Date: 2016-08-26 01:40 am (UTC)
From: [identity profile] vermouth1991.livejournal.com
You want the short story? Nothing was specified in canon. Which wouldn't be that bad a thing, except we're never really lacking of cases where a mother throws her child out of the way when an incoming bus comes crashing through.

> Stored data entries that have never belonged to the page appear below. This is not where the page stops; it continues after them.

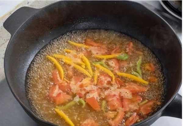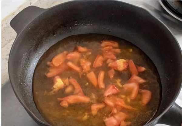 5.锅中倒入食用油烧热,下入番茄煸炒出汁。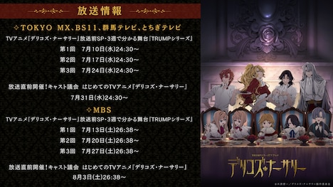 なお7月10日からは3週にわたり、「TVアニメ『デリコズ・ナーサリー』放送前SP・3週で分かる舞台『TRUMPシリーズ』」と題し、演劇作品「TRUMP」シリーズをオンエア。7月31日には「放送直前開催!キャスト議会 はじめてのTVアニメ『デリコズ・ナーサリー』」が放送される。同番組にはダリ・デリコ役の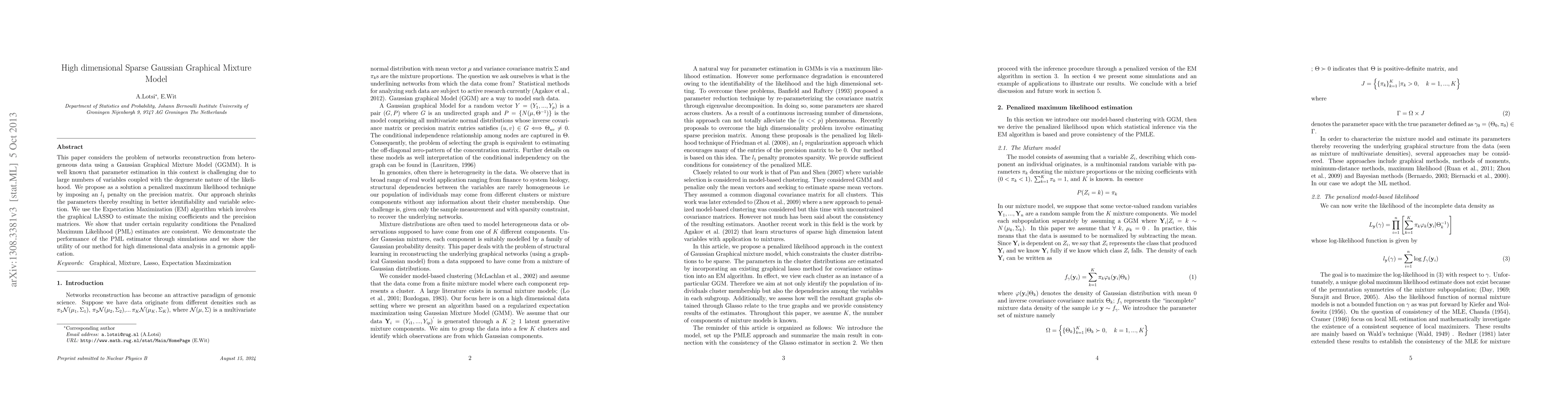 This paper considers the problem of networks reconstruction from heterogeneous data using a Gaussian Graphical Mixture Model (GGMM). It is well known that parameter estimation in this context is challenging due to large numbers of variables coupled with the degeneracy of the likelihood. We propose as a solution a penalized maximum likelihood technique by imposing an $l_{1}$ penalty on the precision matrix. Our approach shrinks the parameters thereby resulting in better identifiability and variable selection. We use the Expectation Maximization (EM) algorithm which involves the graphical LASSO to estimate the mixing coefficients and the precision matrices. We show that under certain regularity conditions the Penalized Maximum Likelihood (PML) estimates are consistent. We demonstrate the performance of the PML estimator through simulations and we show the utility of our method for high dimensional data analysis in a genomic application.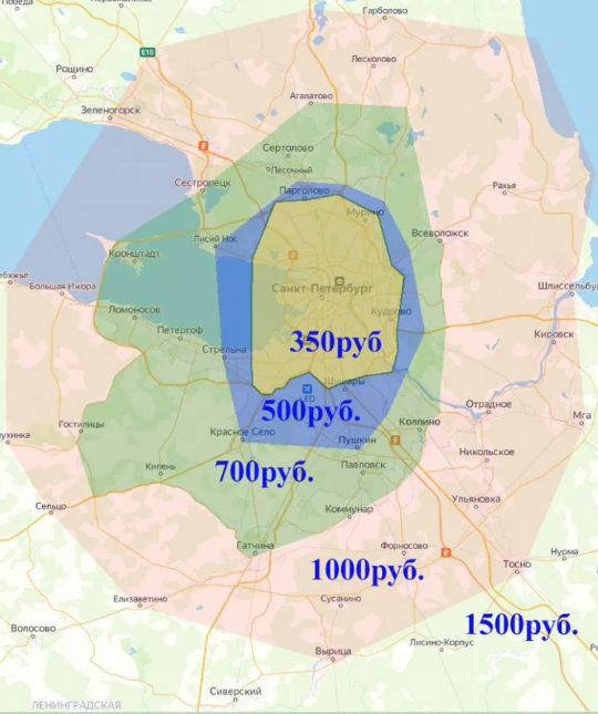 Карта стоимости доставки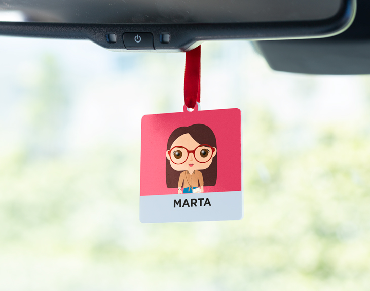 • Adorno de metacrilato para coche. • Tarjeta recordatoria.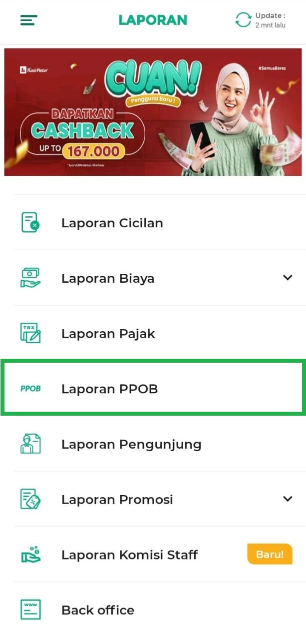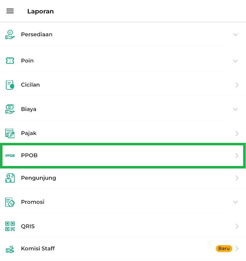 3. Klik opsi Laporan PPOB pada halaman laporan.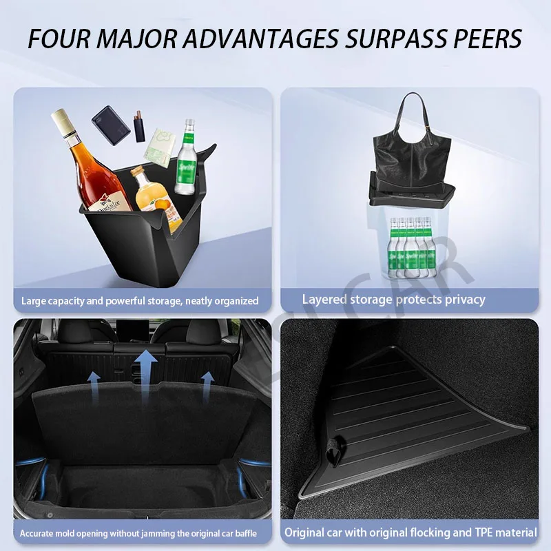 Trunk Organiser Side Storage Box Boot Organiser Flocked TPE Mat Anti-dirty 2025 Car Travel Accessories

Date: 2016-08-26 01:40 pm (UTC)
From: [identity profile] jana-ch.livejournal.com
I don’t remember any canon explanation about what Dark magic entails, at all. We are told that in order to perform Cruciatus, “you have to mean it,” but that’s only one Dark spell, and it was presented as a bit of mockery in battle from someone not known for clarity of mind. All theories about chaos and intent and will—even the idea that children’s accidental magic is Dark—is fanon speculation. JKR’s refusal to define Dark magic in any meaningful way is one of the biggest failures of her world-building. Fans have done yeoman’s service trying to make sense of it, but it remains fanon, not canon. It’s one of the many reasons I prefer good fanfic to the actual books.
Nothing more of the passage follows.